Groupon stock sinks nearly 9% after lock-up period ends

Steven Loeb · June 2, 2012 · Short URL: https://vator.tv/n/272a

Stock hits all time low, crashing 52% from the IPO price

Poor Groupon. The day that its lock-up ended, and over 90% of its shares became available for trading, the market had its worst day of the year. After being continuously embarrassed after being forced to constantly revise its number, Groupon is beginning to look like the Charlie Brown of the stock market, always landing on its face while trying to kick that football.

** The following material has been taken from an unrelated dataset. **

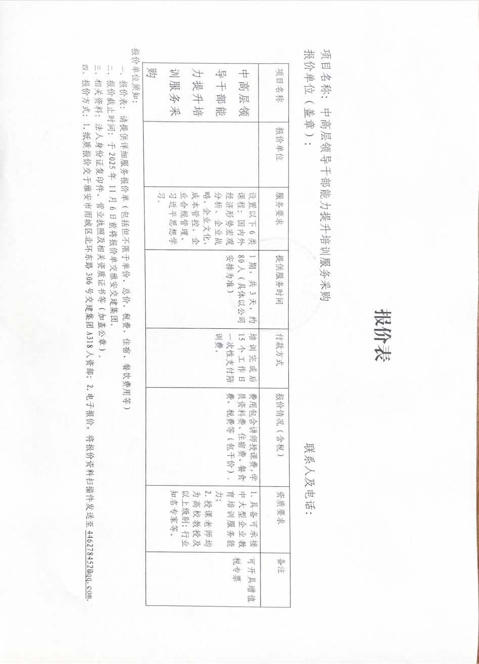 中高層領(lǐng)導(dǎo)干部能力提升培訓(xùn)服務(wù)采購詢價邀請

On a day when the market sank 2% overall - the worst day of 2012 - and all gains from the year were erased following a dismal jobs report that saw only 69,000 jobs created in May, Groupon saw its stock fall nearly 9% to $9.69 on Friday.

The stock is now 52% below the initial public offering price of $20. On Friday it hit an all-time low of $9.53 before rebounding slightly.

Groupon had extended its lock-up in April, which was set to expire on May 2, following a revision of its numbers for the fourth quarter in 2011. A lock-up period usually consists of 180 days where shareholders inside the company are not allowed to sell their own stock.

With both Groupon and Facebook stocks doing especially poorly recently, tech companies, who were recently thought of as the next big thing on Wall Street, might find it hard to get big time investors interested in their IPOs. 

Groupon embarrassments

Hitting a new low in its stock price it just the latest in a series of embarrassments that have hit the company since it filed to go public in June 2011.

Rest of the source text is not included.